Senators John Kennedy and Linsey Graham voted to keep the rule.

Mr. Kennedy, who told reporters the morning of the vote that he was still studying the rule in question, was one of two GOP lawmakers to vote “no” to killing it, joining Lindsey Graham of South Carolina. Mr. Kennedy said he voted the way he did after hearing from veterans groups who support the CFPB rule, and after taking account of revelations that credit monitor Equifax Inc. initially sought to require victims of its massive hack to settle disputes through arbitration.

  “Just about every adult in my state had his or her data stolen,” he said. “I am not going to tell my people they cannot have their day in court.”

Mr. Graham, a former trial attorney, had long said he would vote in support of the CFPB’s rule. In an interview earlier this year, he said arbitration is “a windfall for the companies in terms of how you settle their cheating.”

Efforts to influence Sen. Murkowski intensified in recent months, with Alaska’s credit unions and community banks joining the fray. Helping lead the lobbying was Dan McCue, senior vice president of Alaska USA Federal Credit Union, by far the largest credit union in the state with $6.86 billion in assets.

Mr. McCue wrote an opinion piece on Oct. 13 for the Juneau Empire criticizing the CFPB regulation.

The rule “doesn’t make sense for any credit union member across this state,” Mr. McCue wrote. “Unfortunately, more Washington-based groups, many representing the interest of trial lawyers, are putting pressure on our senators to back the anti-arbitration rule, and we couldn’t disagree with them more.”

Mr. McCue declined to comment Wednesday, referring questions to the Credit Union National Association, a trade group that opposed the arbitration rule.

Beyond credit unions and community banks, overturning the rule was also a priority for regional, national and global financial companies that lobbied to have it overturned.

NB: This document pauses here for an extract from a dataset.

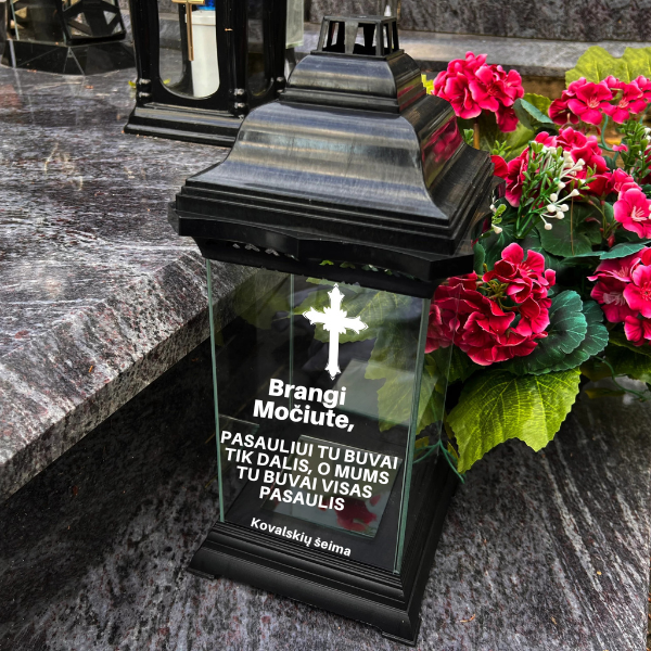 Personalizuota kapų žvakė su užrašu Močiutei – „Pasauliui buvai dalis…“

Richard Cordray’s Surprising Admission

 Richard Cordray, Consumer Financial Protection Bureau Director                                        Photo Alex Wong/Getty Images

A surprising revelation, revealed below, that relates directly to the editorial remarks of a recent posting, turned up in today’s Opinion section of The Wall Street Journal. If this is true, what has all the fuss been about? Consumers have had  plenty of arbitration clause-free options to exercise right along without any “$330 billion in wealth” having “been transferred from businesses to trial lawyers” as threatened in an editorial piece later on in the same edition of The Journal.

So we may now shift our attention away from this issue and toward more profitable ones such as the fate of migrant farm workers.

By DARREN MCKINNEY  Oct. 26, 2017 for The Wall Street Journal

The U.S. Senate voted Tuesday to repeal the Consumer Financial Protection Bureau’s rule prohibiting arbitration clauses in financial contracts. The Treasury Department and the Office of the Comptroller of the Currency had both weighed in with warnings about the rule’s effects—criticisms that prompted a surprising admission from CFPB Director Richard Cordray.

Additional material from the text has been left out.